[[ THE RECORDS, beginning ]]

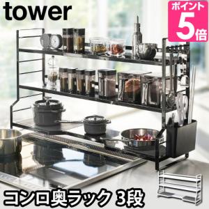 山崎実業 コンロ奥ラック キッチンラック 調味料ラック 隙間ラック 砂糖 棚 おしゃれ ihコンロ 奥 tower タワー コンロ奥ラック 3段 3593 3594
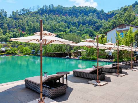 酒店隶属于宜宾三江投资建设集团有限公司,占地约95亩,建筑面积约3.8万平米,主体建筑共计10栋。酒店采用新中式园林设计,定位为高端城市生态度假酒店,由多间/套的高端客房、3栋精致联排别墅和2栋高级私汤贵宾楼共同组成。酒店内设施齐备,拥有1个大型多功能厅、4个小型会议室、2个贵宾会见室、10个精致的餐饮包房等,可同时容纳近800人就餐。酒店同时设有大型无边泳池和室内恒温泳池,露天泡池、桑拿、健身房、棋牌包间、KTV包房、儿童游乐室等。
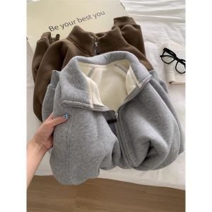 冬季小暖炉!加厚羊羔绒卫衣外套女通勤百搭保暖休闲立领拉链开衫
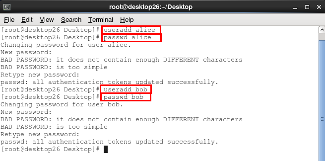 1、 在实验机中创建alice和bob用户并设置密码
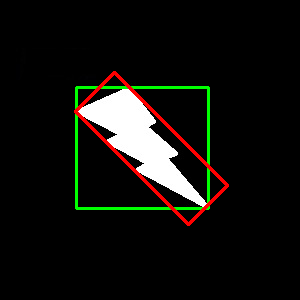 cv.drawContours(img,[box],0,(0,0,255),2)Both the rectangles are shown in a single image. Green rectangle shows the normal bounding rect. Red rectangle is the rotated rect.
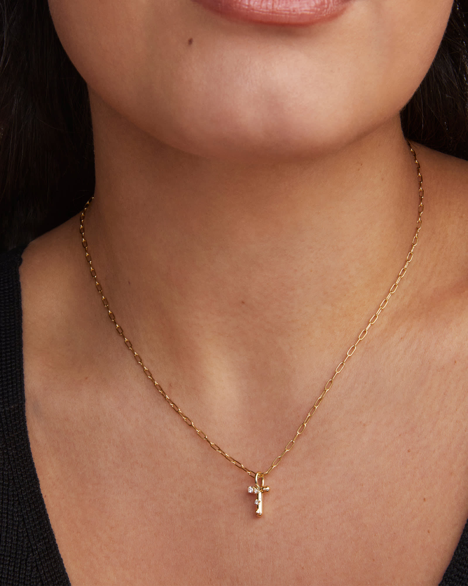 Personalize your everyday look with the Crystal Letter T Gold Short Pendant Necklace in White Crystal. Whether you’re rocking your initial or a loved one’s, this sentimental layer is one you’ll keep coming back to again and again.
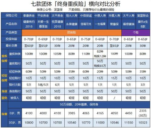 为方便对比,深蓝君还加了 2 款无需组团,个人可以直接购买的终身重疾险:
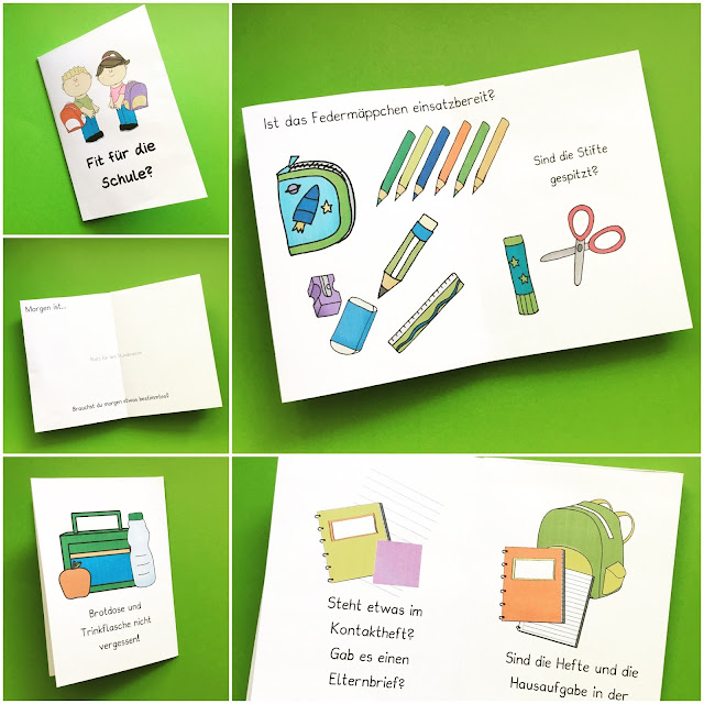 Heute gibt es ein kleines Pocketbook zur Vorbereitung auf den Schultag. Gedacht ist es für meine neuen Erstis, damit sie jeden Abend oder Morgen überprüfen können, ob der Schulranzen richtig gepackt ist. Vielleicht mag es ja noch jemand einsetzen.
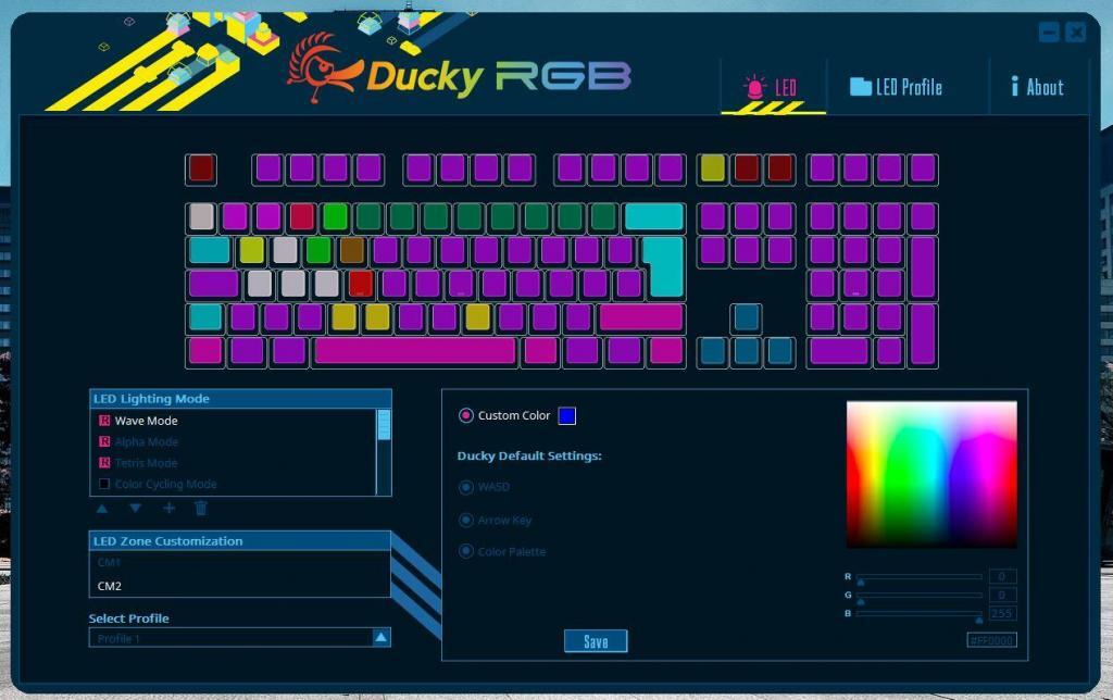 Az RGB-k teszik a dolgukat, talán egy kicsit bírhatnának nagyobb fényerővel, de ezen kívül gyakorlatilag úgy szabjuk testre a billentyűzetünket, ahogyan csak szeretnénk. A szoftver ebben maximálisan partner. A kezdeti szolid egyszínű kinézettől kezdve az RGB-s átmenetig minden effektet precízen tudunk állítani. Szerencsére teljesen egyedileg is beállíthatjuk a világításunkat, én is ennél a verziónál maradtam. Itt megjegyezném, hogy a programot mindenképp adminisztrátorként futtassátok, különben szimplán nem érzékeli a billentyűzetet a szoftver.
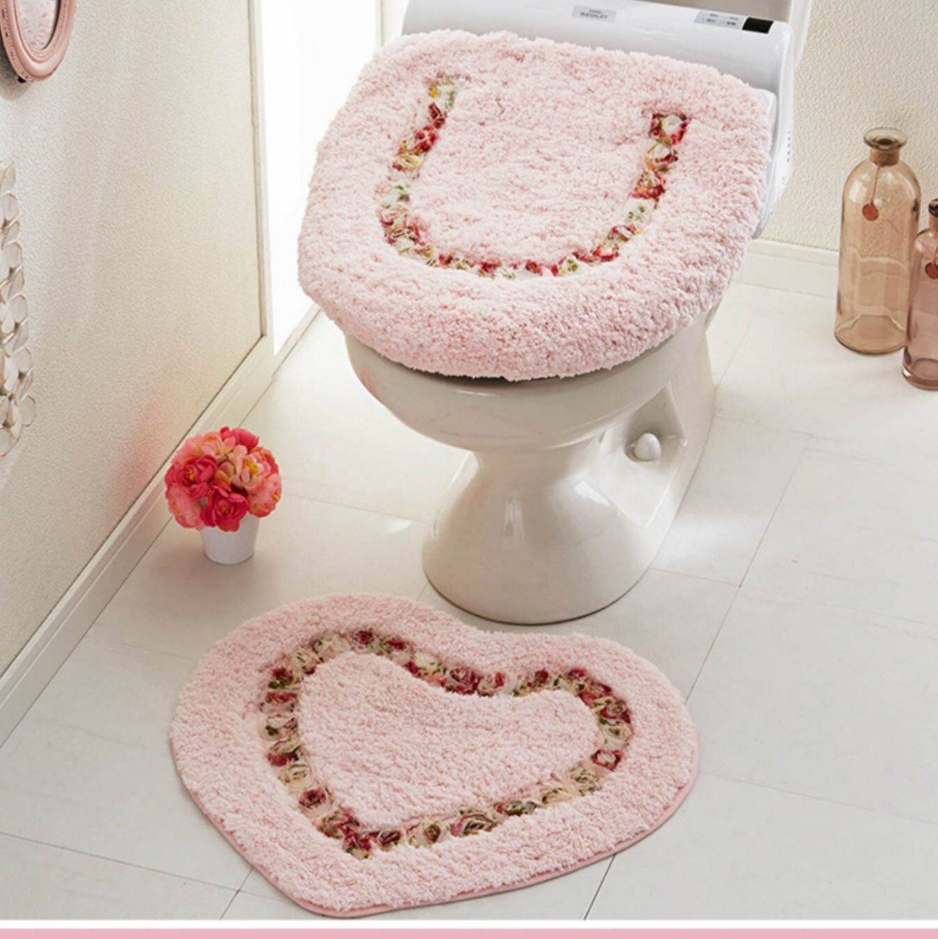 可愛らしいハート型のデザインが特徴的なトイレマットのセットです。

[[ THE RECORDS, end ]]

ASSIGNMENT:
Each line from the line containing "Az RGB-k teszik" through the last line above must be written out exactly, and every picture must be omitted.

TASK RESPONSE:
 Az RGB-k teszik a dolgukat, talán egy kicsit bírhatnának nagyobb fényerővel, de ezen kívül gyakorlatilag úgy szabjuk testre a billentyűzetünket, ahogyan csak szeretnénk. A szoftver ebben maximálisan partner. A kezdeti szolid egyszínű kinézettől kezdve az RGB-s átmenetig minden effektet precízen tudunk állítani. Szerencsére teljesen egyedileg is beállíthatjuk a világításunkat, én is ennél a verziónál maradtam. Itt megjegyezném, hogy a programot mindenképp adminisztrátorként futtassátok, különben szimplán nem érzékeli a billentyűzetet a szoftver.
 可愛らしいハート型のデザインが特徴的なトイレマットのセットです。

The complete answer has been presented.